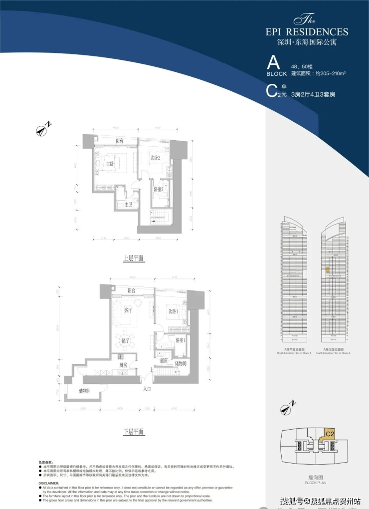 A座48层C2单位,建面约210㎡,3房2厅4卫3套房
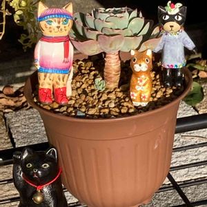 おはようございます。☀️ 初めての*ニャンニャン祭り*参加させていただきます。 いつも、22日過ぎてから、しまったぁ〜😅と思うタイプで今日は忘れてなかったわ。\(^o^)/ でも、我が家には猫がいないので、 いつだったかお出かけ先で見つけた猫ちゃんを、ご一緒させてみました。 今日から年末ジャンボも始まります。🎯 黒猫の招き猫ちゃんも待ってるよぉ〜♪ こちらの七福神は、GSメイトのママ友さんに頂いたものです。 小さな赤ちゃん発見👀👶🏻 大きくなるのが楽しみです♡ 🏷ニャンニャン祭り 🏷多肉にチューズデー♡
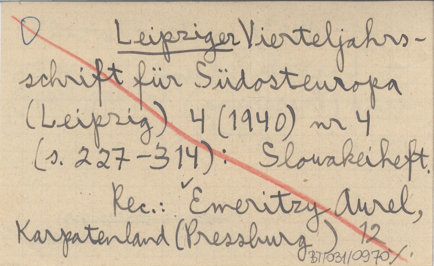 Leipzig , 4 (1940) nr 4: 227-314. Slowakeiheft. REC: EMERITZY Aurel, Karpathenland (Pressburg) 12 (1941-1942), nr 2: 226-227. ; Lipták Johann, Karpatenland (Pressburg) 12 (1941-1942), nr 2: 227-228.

········

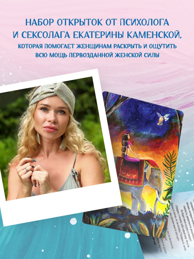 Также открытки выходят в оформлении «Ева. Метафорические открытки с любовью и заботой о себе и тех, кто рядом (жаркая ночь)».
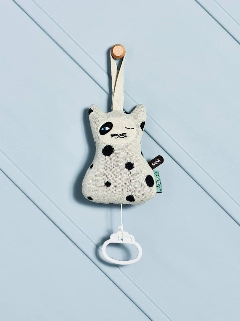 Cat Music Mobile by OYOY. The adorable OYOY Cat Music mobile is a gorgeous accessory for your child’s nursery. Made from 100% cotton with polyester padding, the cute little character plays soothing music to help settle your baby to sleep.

········

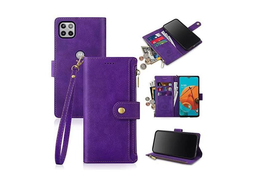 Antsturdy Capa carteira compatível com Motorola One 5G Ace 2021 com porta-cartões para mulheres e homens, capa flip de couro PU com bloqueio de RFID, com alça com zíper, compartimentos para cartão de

········

--- Aim of the task ---
Print exactly the lines above that run from the one with "A座48层C2单位,建面约210㎡,3房2厅4卫3套房" to the one with "Leipzig , 4", both included. No pictures.

--- Answer to this task ---
 A座48层C2单位,建面约210㎡,3房2厅4卫3套房
 おはようございます。☀️ 初めての*ニャンニャン祭り*参加させていただきます。 いつも、22日過ぎてから、しまったぁ〜😅と思うタイプで今日は忘れてなかったわ。\(^o^)/ でも、我が家には猫がいないので、 いつだったかお出かけ先で見つけた猫ちゃんを、ご一緒させてみました。 今日から年末ジャンボも始まります。🎯 黒猫の招き猫ちゃんも待ってるよぉ〜♪ こちらの七福神は、GSメイトのママ友さんに頂いたものです。 小さな赤ちゃん発見👀👶🏻 大きくなるのが楽しみです♡ 🏷ニャンニャン祭り 🏷多肉にチューズデー♡
 Leipzig , 4 (1940) nr 4: 227-314. Slowakeiheft. REC: EMERITZY Aurel, Karpathenland (Pressburg) 12 (1941-1942), nr 2: 226-227. ; Lipták Johann, Karpatenland (Pressburg) 12 (1941-1942), nr 2: 227-228.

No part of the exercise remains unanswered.